Why this matters for doctors and patients

Artificial intelligence is quickly moving into hospitals and clinics, but most tests of these systems are done in English. This study asked a simple, high‑stakes question: how well do today’s large AI models handle real medical exam questions written in Brazilian Portuguese, including those that use images such as X‑rays? The answer helps doctors, educators, and policymakers judge whether these tools are ready to assist care in countries where English is not the main language.

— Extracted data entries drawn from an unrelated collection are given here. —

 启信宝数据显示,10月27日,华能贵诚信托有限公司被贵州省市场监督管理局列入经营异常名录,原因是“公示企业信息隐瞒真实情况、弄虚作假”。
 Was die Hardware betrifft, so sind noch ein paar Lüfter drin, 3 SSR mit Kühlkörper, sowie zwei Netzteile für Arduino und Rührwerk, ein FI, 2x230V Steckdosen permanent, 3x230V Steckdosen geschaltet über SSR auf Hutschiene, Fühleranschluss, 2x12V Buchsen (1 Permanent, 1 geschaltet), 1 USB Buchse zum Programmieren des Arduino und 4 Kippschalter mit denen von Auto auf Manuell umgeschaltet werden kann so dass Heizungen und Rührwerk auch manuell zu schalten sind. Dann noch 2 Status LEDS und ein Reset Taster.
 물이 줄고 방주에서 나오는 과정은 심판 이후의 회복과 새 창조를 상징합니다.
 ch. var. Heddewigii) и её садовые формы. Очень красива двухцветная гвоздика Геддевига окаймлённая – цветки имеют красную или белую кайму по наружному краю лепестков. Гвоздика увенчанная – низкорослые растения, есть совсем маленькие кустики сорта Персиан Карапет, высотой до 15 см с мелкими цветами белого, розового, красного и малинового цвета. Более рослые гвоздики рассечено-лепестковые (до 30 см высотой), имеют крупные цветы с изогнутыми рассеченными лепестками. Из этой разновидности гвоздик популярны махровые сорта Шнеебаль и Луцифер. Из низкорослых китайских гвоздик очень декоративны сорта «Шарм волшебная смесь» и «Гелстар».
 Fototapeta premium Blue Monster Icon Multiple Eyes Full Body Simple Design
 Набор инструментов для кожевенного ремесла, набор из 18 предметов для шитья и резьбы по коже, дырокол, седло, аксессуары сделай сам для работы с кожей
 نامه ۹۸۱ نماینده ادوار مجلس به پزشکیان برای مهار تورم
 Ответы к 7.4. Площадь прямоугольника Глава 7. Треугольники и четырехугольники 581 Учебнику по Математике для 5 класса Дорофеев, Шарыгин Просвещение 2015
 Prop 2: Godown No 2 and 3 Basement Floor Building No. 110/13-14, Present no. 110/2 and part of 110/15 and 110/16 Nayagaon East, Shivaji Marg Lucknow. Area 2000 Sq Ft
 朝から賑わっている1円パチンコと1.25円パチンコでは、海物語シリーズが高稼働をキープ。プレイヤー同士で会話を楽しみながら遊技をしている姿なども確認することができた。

Putting AI through a real medical entrance exam

The researchers took the 2023 medical residency entrance exam from one of Brazil’s leading teaching hospitals, an exam that thousands of young doctors sit each year. It contains 117 multiple‑choice questions covering internal medicine, surgery, pediatrics, gynecology and obstetrics, and public health. Most questions are text only, but more than a third include images such as radiology scans, clinical photos, and diagnostic tracings. Six text‑only AI models and four multimodal models that can also see images were challenged to answer the exam in a “zero‑shot” setting: they were given no prior examples or fine‑tuning specific to this test, only standard instructions to pick an answer and explain their reasoning.

How smart were the models on written questions?

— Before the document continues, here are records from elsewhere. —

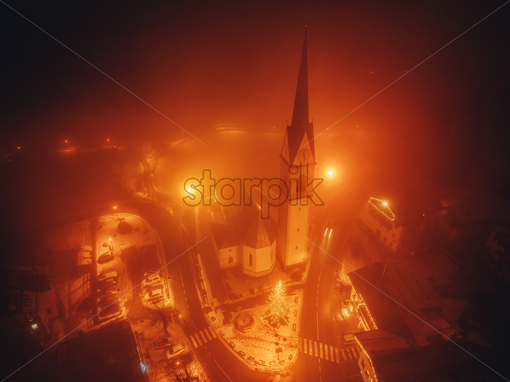 Aerial drone view of the San Lorenzo Church illuminated at night in the Selva di Cadore comune in Dolomites, Italy, snow and fog
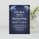 Blue Glitzer Two Graduates Double Graduation Party Einladung
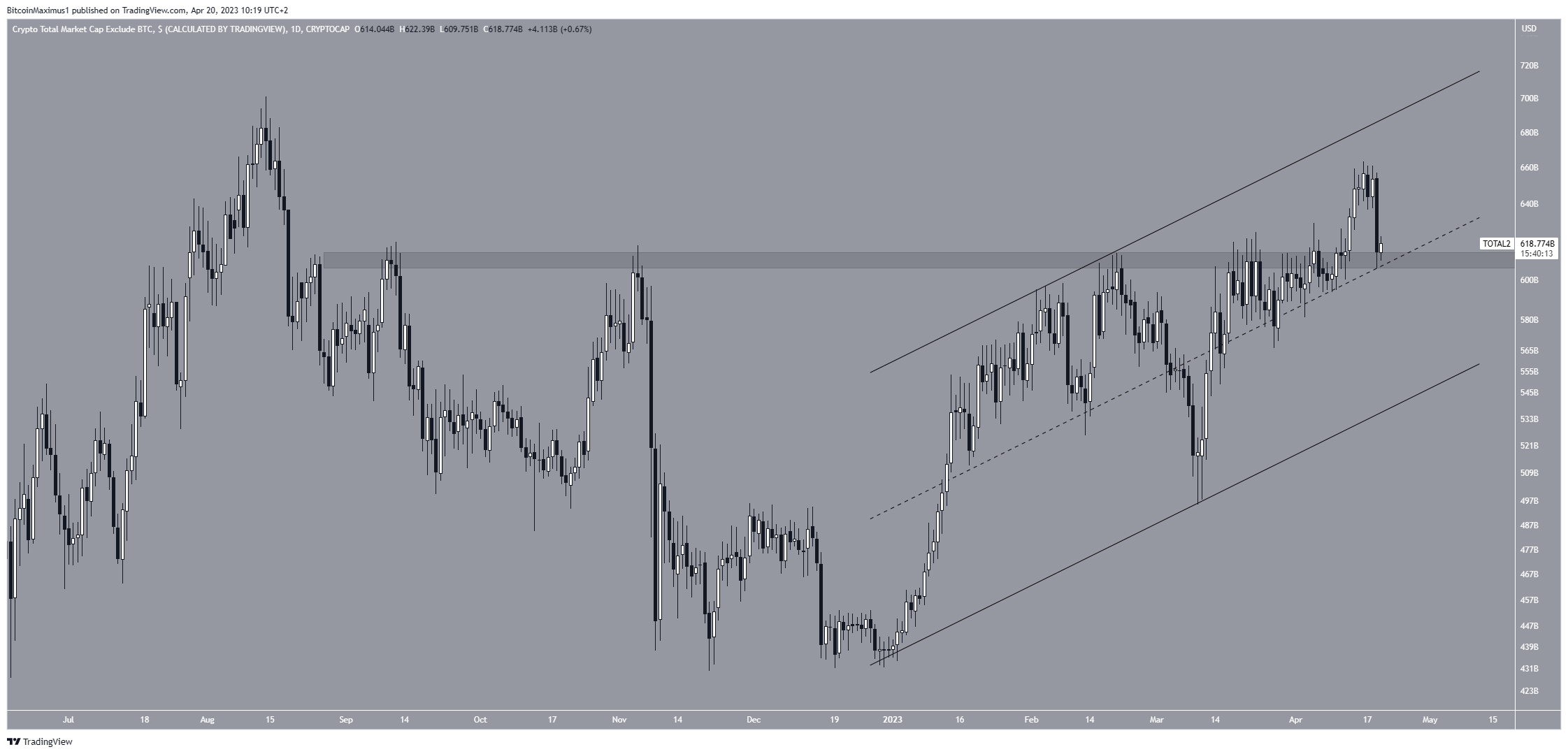 L’analyse technique sur une échelle de temps quotidienne s’aligne avec les lectures du cadre hebdomadaire. Le prix est actuellement en train de retester la principale zone de support horizontale. Sur une vue quotidienne, la market cap des altcoins est de 610 milliards de dollars.
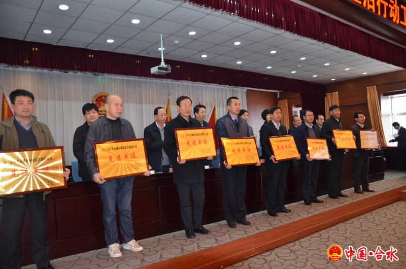 会上,县政府党组成员、政府办主任和鹏华宣读了《中共合水县委办公室、合水县人民政府办公室关于表彰奖励2015年度全县城乡环境综合整治工作先进单位和先进个人的决定》,主席台前排就坐的县级领导为先进单位和先进个人颁发了奖牌和荣誉证书;县政府党组成员刘小宁安排了全县农村工作;县委常委、政法委书记阎春涛安排了全县城乡环境综合整治工作。

On questions made only of text, performance ranged widely. The weakest system got just over one in five questions right, while the best models answered roughly seven out of ten correctly. A family of models called Claude topped the chart, with scores around 70 percent, slightly above GPT‑4.0 Turbo and clearly ahead of several open‑source and commercial competitors. One open‑source model with many billions of parameters, however, came close to the leaders, hinting that strong performance need not be limited to proprietary systems. When the researchers compared these AI scores with the distribution of human candidates’ grades, the best models clustered near the middle of the applicant pool: not star students, but roughly on par with an average new doctor taking the exam.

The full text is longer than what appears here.